This is not an exhaustive list either --- read the [Borer et al (2009) paper](#Readings).

We will use the Pound Hill dataset collected by students in a past Silwood Field Course week for understanding/illustrating some of these  principles. 

To start with, we need to import the {\tt raw} data file, for which, follow these steps:

* Go to the repository and navigate to the `Data` directory. 
* Copy the file `PoundHillData.csv` and `PoundHillMetaData.csv` files into your own R week's `Data` directory. 
* Then load the data in R: 

In [3]:
MyData <- as.matrix(read.csv("../data/PoundHillData.csv",header = F,  stringsAsFactors = F))
MyMetaData <- read.csv("../data/PoundHillMetaData.csv",header = T,  sep=";", stringsAsFactors = F)

Note that:

Loading the data `as.matrix()`, and setting the `header` and `stringsAsFactors` guarantees that the data are imported “as is” so that you can wrangle them. Otherwise `read.csv` will convert the first row to column headers,
convert everything to factors, etc. Note that all the data will be converted to the character class in the resulting matrix called `MyData` because at least one of the entries is already character class.

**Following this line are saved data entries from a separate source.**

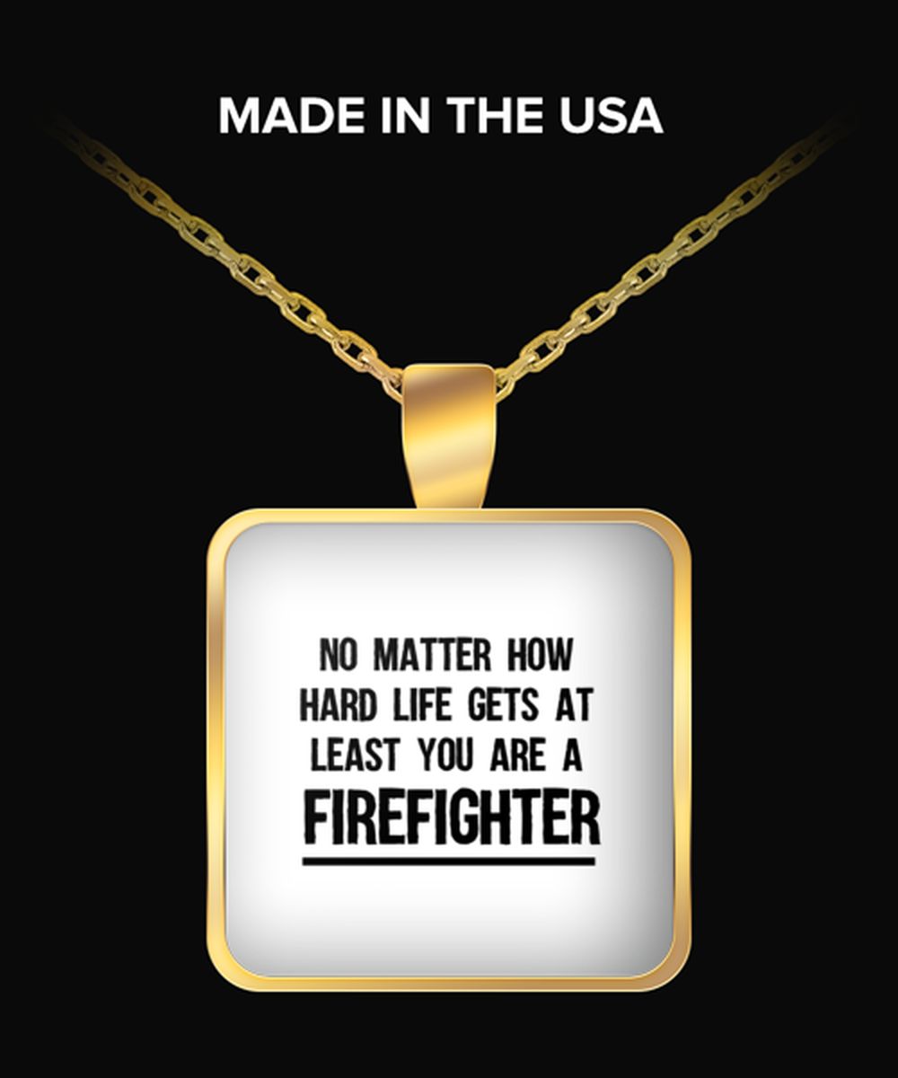 Funny Firefighter Necklace Square Gold Pendant - No Matter How Hard Life Gets You Are A Firefighter - Unique Inspirational Gift Best For Men Women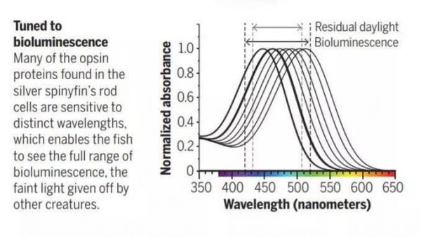 ▲深海鱼类中找到的视蛋白,能够识别不同波长的光(图片来源:参考资料[2])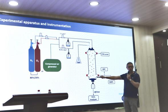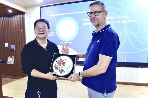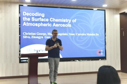 Christian George教授开场首先指出污染的全球性以及污染治理是全球难题,然后解读了大气气溶胶的表面化学特性及其研究意义。气溶胶与云层是对流层化学反应的核心参与者,是气候预测中最大的不确定因素之一。这些悬浮在空气中的微小颗粒,不仅影响大气成分,更是气候预测中最大的不确定因素之一。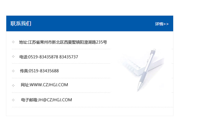地址:常州市新北區友邦商務大廈1幢16、17層  電話:0519-85101652  傳真:0519-85112595  郵編:213022  網址:www_cz-jiayue_cn.guoweianbao.com  郵箱:xiajifengaa@163.com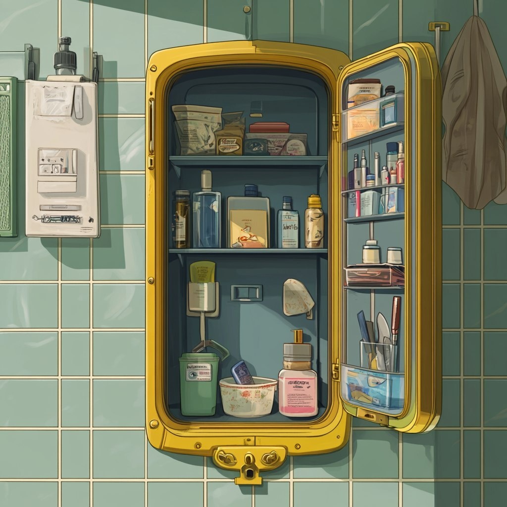 Создано на основе запроса: moder bathrooomdigital illustrator lock, with objects inside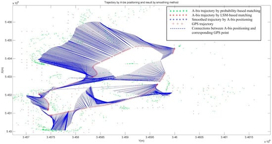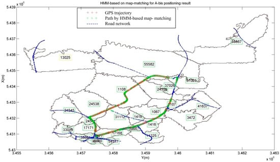 Two main error sources make this work challenging. Firstly, the accuracy of the preliminary positioning result is always an issue for map-matching algorithms in all contexts, such as GPS data positioning, pedestrian positioning and navigation, mobile phone positioning and indoor positioning. Different sensors have different limitations. The main common aspects of these error sources in map-matching include blocked signals, multi-paths for signal [1,2,3], and the smallest cover area of positioning data [4]. Second, the other part in the map-matching framework is the complex topological relationships among these shapes in traffic context, particularly when real trajectories and calculated trajectories are related to the context. For mobile phone positioning, which exploits the data from a cellular network system, the positioning results are highly sensitive to the local context [5,6,7]. The preliminary positioning result from mobile positioning are more complex than that the preliminary positioning results from other positioning methods [4,8]. Common map-matching methods are not effective for the positioning result with A-bis data from a Global System for Mobile Communication (GSM) cellular network system.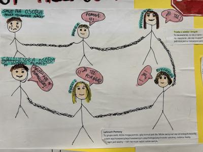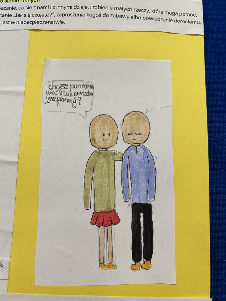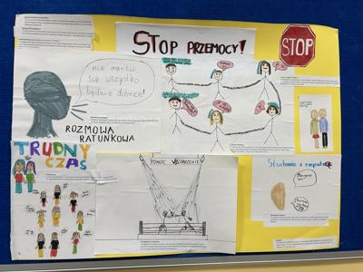 Klasy czwarte realizowały scenariusz pt. „Bądź kumplem, nie dokuczaj” przygotowany przez Fundację Dajemy Dzieciom Siłę. Dzieci zastanawiały się, kim jest dokuczacz, jakie zachowania można uznać za dokuczanie oraz z czego mogą wynikać takie postawy. Wspólnie poszukiwały sposobów przeciwdziałania przemocy i wspierania osób doświadczających trudnych sytuacji. Ich starsi koledzy analizowali zjawisko przemocy- definiowali je i próbowali stworzyć receptę na to, jak sobie radzić z różnymi typami agresji. Uczniowie uświadomili sobie, jak krzywdzące mogą być wypowiadane słowa. Dyskutowali też na temat mechanizmów psychologicznych leżących u podstaw przemocy i skutków przemocy wśród rówieśników. Uczniowie dowiedzieli się, jak udzielać podstawowego wsparcia emocjonalnego rówieśnikowi w kryzysie oraz jak bezpiecznie przekierować go do osoby dorosłej, która może udzielić fachowej pomocy. Podczas zajęć powstały plakaty promujące postawy życzliwości i wzajemnego szacunku oraz sposoby reagowania i poszukiwania pomocy w trudnych sytuacjach.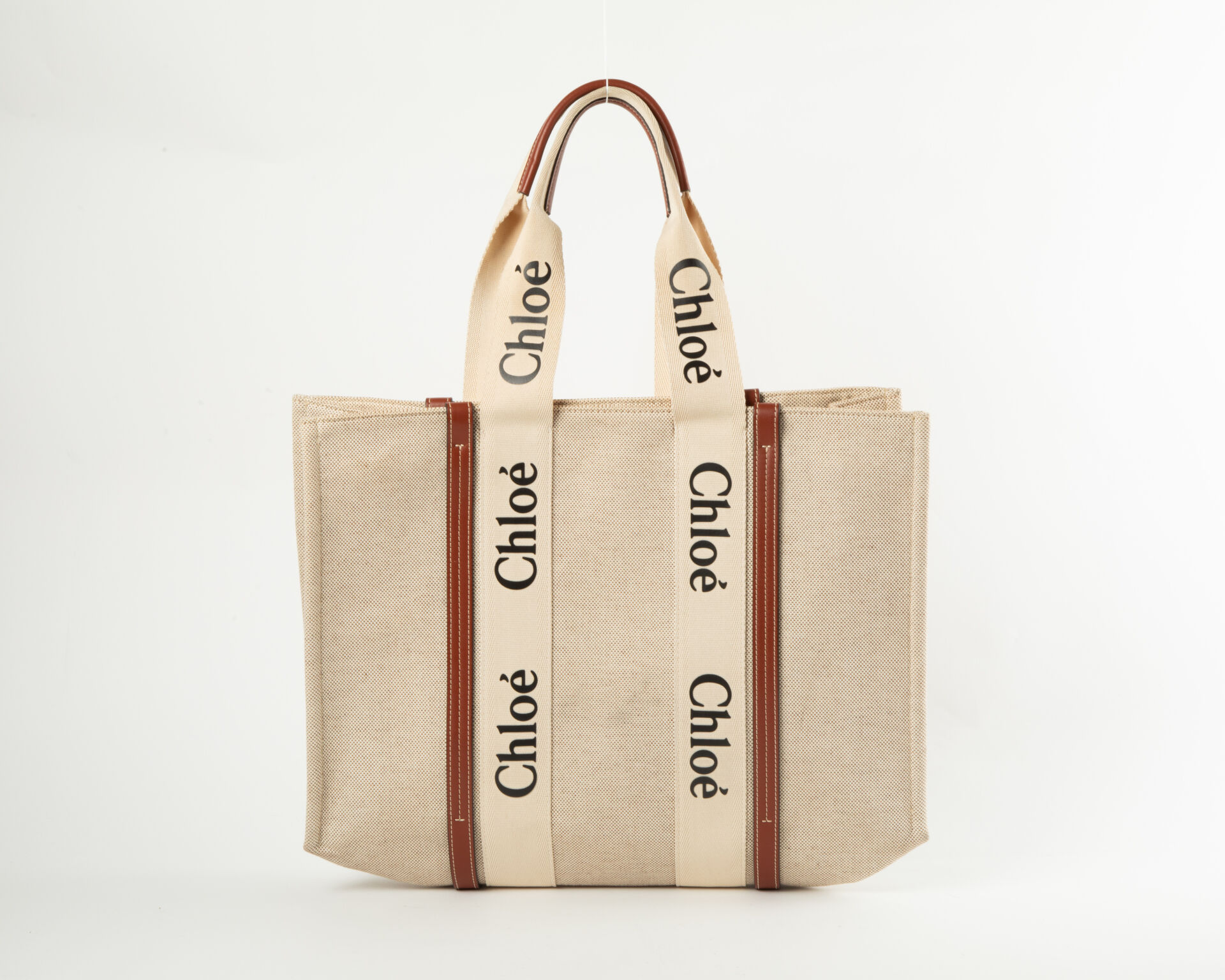 CHLOE Modèle Woody - Cabas en toile de lin à empiècements en cuir lisse camel à deux anses, doublure en tissus beige, poche intérieure appliquée. Légères tâches H : 37 (hors anses) - L : 43 - P : 12 cm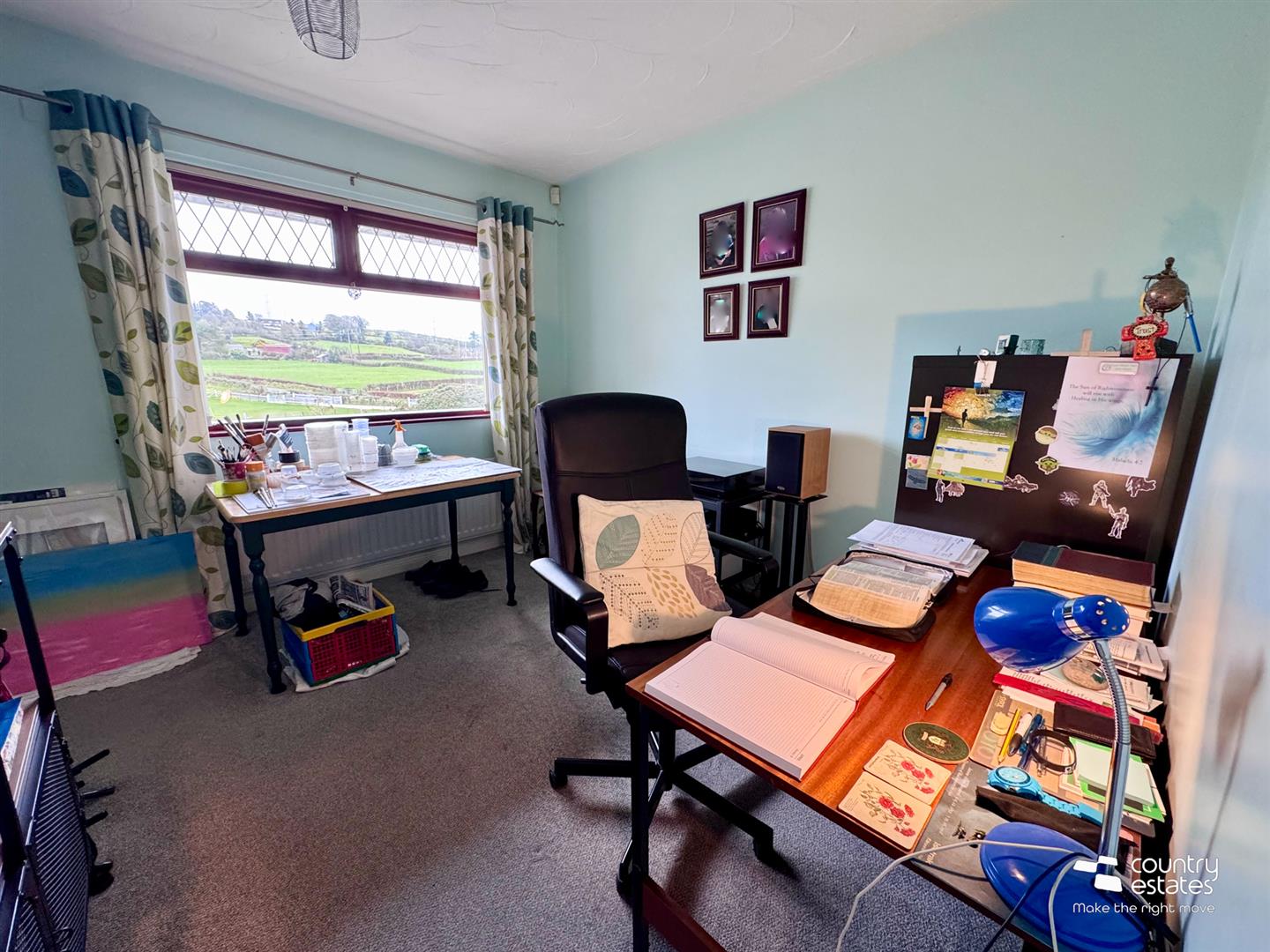 Presently used as study. Built-in fitted wardrobe with overhead storage. Views over gardens extending towards surrounding countryside.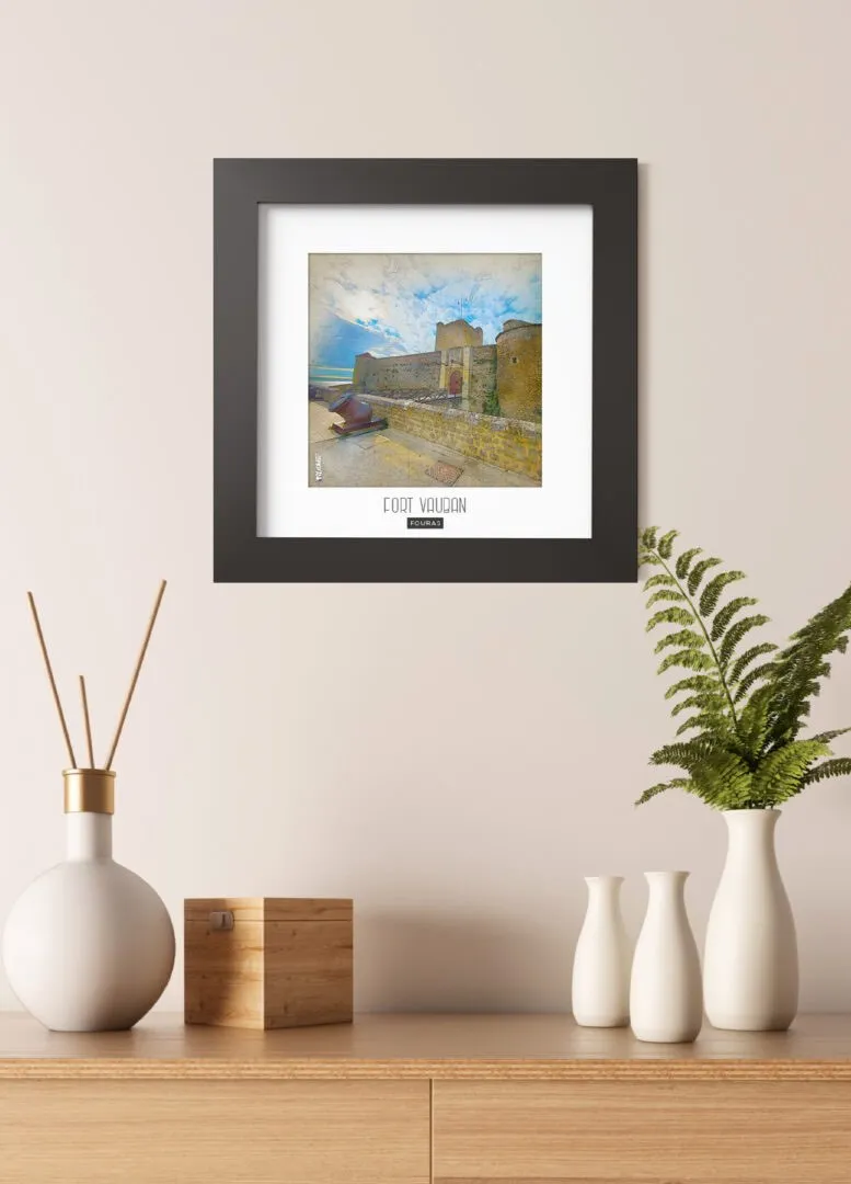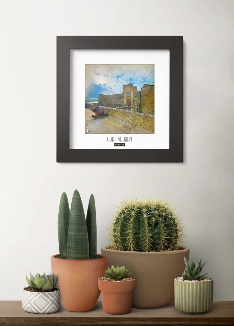 Magnifique photo du FORT VAUBAN à FOURAS en FRANCE, sublimée dans un cadre en bois noir mat de forme carré pour votre intérieur.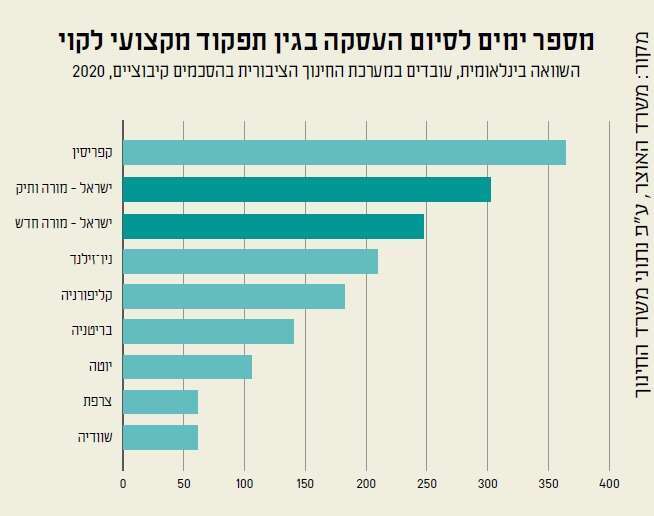 אילו כלים עומדים לפני מנהל שחושב שאחד המורים בצוות שלו לא מתאים? תלוי. אם הוא מורה ברישיון פחות משנתיים, יש הליך סיום העסקה על רקע "אי התאמה", והוא יצטרך למצוא בית ספר אחר. אבל אם מדובר במורה שעבר שנתיים וקיבל קביעות – המנהל יהיה חייב לפנות למסלול מפרך וקיצוני של "סיום העסקה פדגוגי", שבסופו יישלל רישיון ההוראה מהמורה. כמה מפרך? שוב, תלוי. אם מדובר במורה ותיק (מעל 15 שנה), התהליך יימשך 308 ימים. מול מורה צעיר זה ייקח "רק" 243 ימים, שיעור גבוה במיוחד בהשוואה למדינות מערביות. הוויה דולורוזה הזאת כוללת חמישה ביקורים מיוחדים בשיעורים של אותו מורה, דיון במועצת המפקחים, דיון בוועדה מיוחדת, ולבסוף חתימה של מנכ"ל משרד החינוך בכבודו ובעצמו. אה, ולארגוני המורים יש וטו על כל מהלך כזה. לא פלא שהמספרים אפסיים.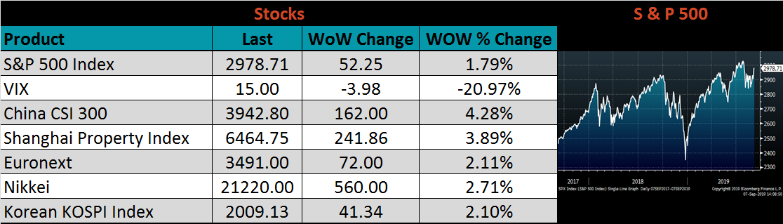 The U.S. 10-year yield was up 6 bps, closing the week at 1.56%. The German 10-year yield was up 6 bps to minus 0.70% and the Japanese 10-year yield was up 3 bps to minus 0.24%.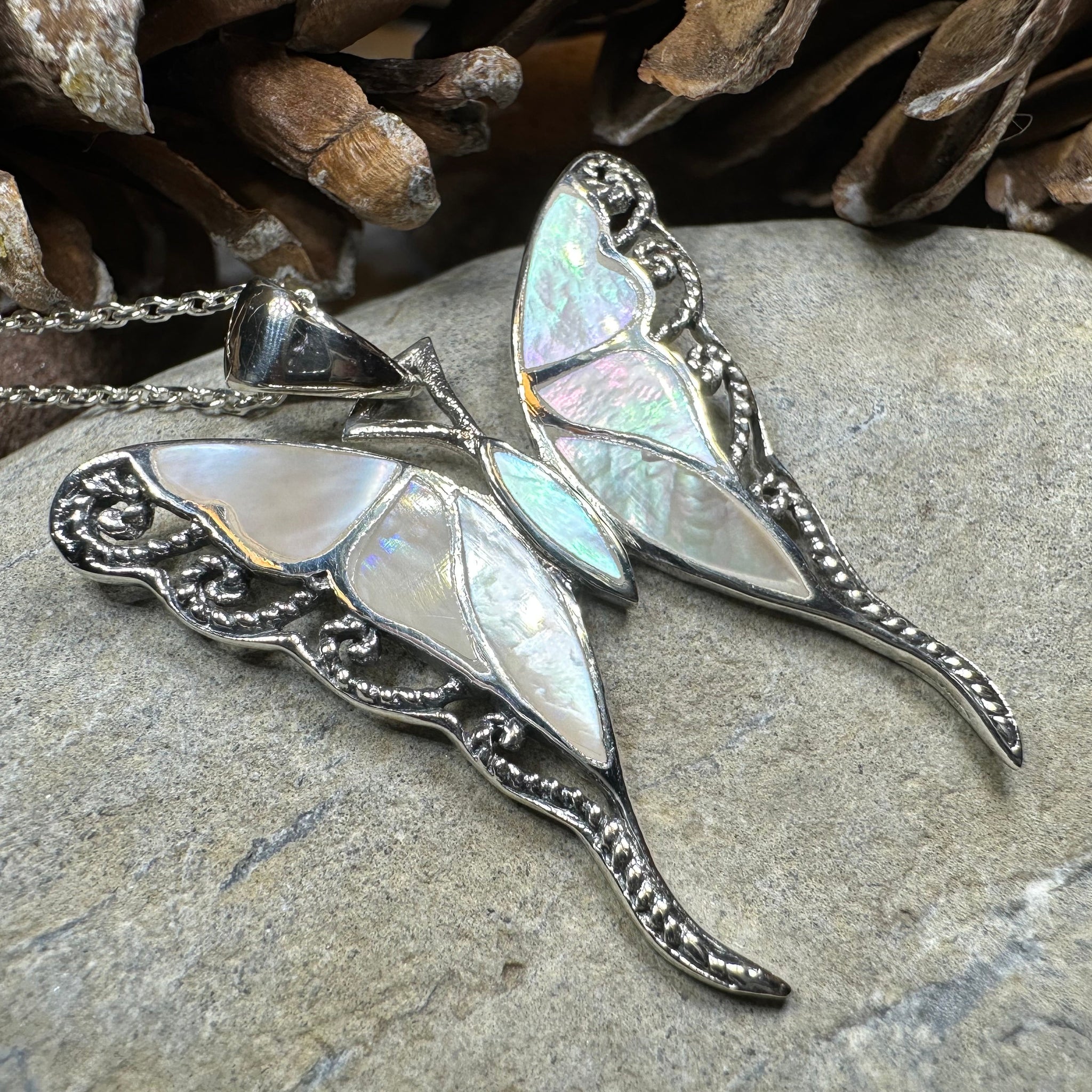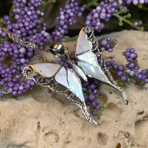 Solid Sterling Silver and natural shell -- Butterflies are delicate creatures, that can teach people a lot about grace, beauty, and transformation.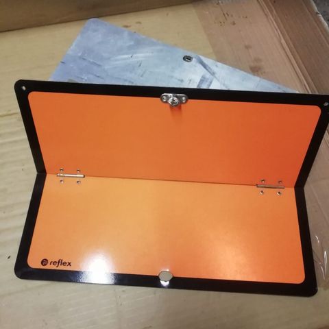 Soikea SF- kilpi, ajoneuvoon asennettava Suomen kansallisuus tunnus, joka oli käytössä ennen FIN merkkiä. Mitat kuvissa. Kevytmetalli valua.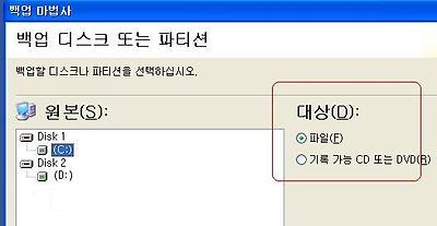 백업 마법사가 뜨면 다음을 누르고 백업할 드라이브(운영체재가 깔린 드라이브 , 대개 경우 C:) 원본 파일을 택하고 대상(D)는 꼭 파일을 택한다 .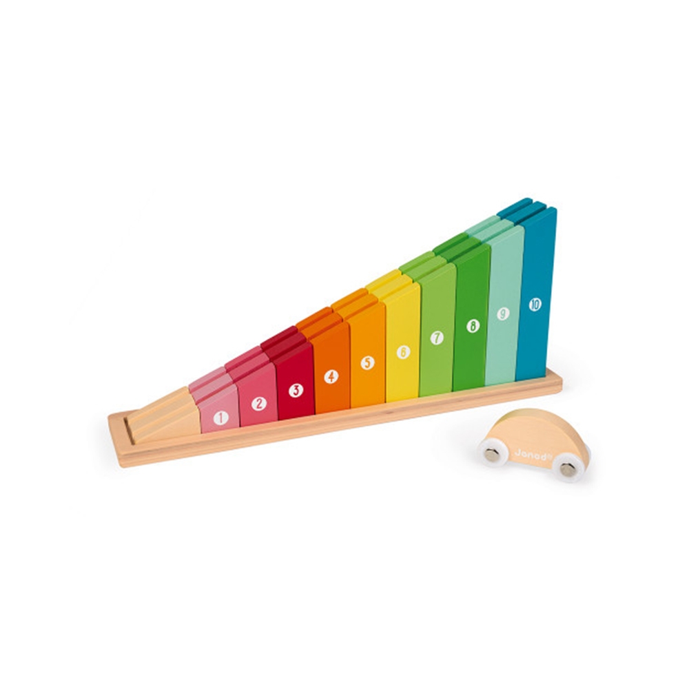 This beautiful wooden construction game is made of 10 blocks to be replaced in ascending order on their base to form a slope. Each block is numbered from 1 to 10 to learn the order of magnitude. Once the slope is finished, the little car can roll it down to check that there is no error, and then park in the garage under the last blocks! This construction game will help your child learn numbers and sizes.Product info
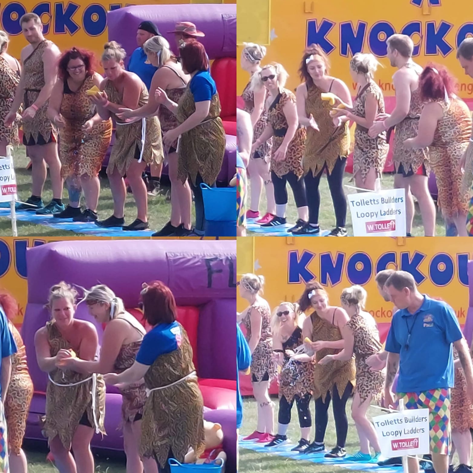The Ryebellion Drummers built the anticipation for the start of the Knockout games by marching around the arena whilst the teams gathered to assess the course and discuss tactics. The mayor, Andi Rivett, said a few words before officially opening the Knockout competition. Then the fun really began for the seven teams who had bravely put forward willing members ready to bounce, slide and at times, crawl over the course. The Prehistoric Hospital Heroes, GMP Accountants, Team Tollett, the Rugbytots, The Queen’s Head and Rye Runners (who entered two teams) battled it out all morning before a well-earned break for lunch.

For the metadata loading, the `header` is set to true because we do have metadata headers (`FieldName` and
`Description`), and I have used semicolon (`;`) as delimiter because there are commas in one of the field descriptions.

I have avoided spaces in the columns headers (so “FieldName” instead of “Field Name”) — please avoid spaces in field or column names as much a possible as R will replace each space in a column header with a dot, which may be confusing.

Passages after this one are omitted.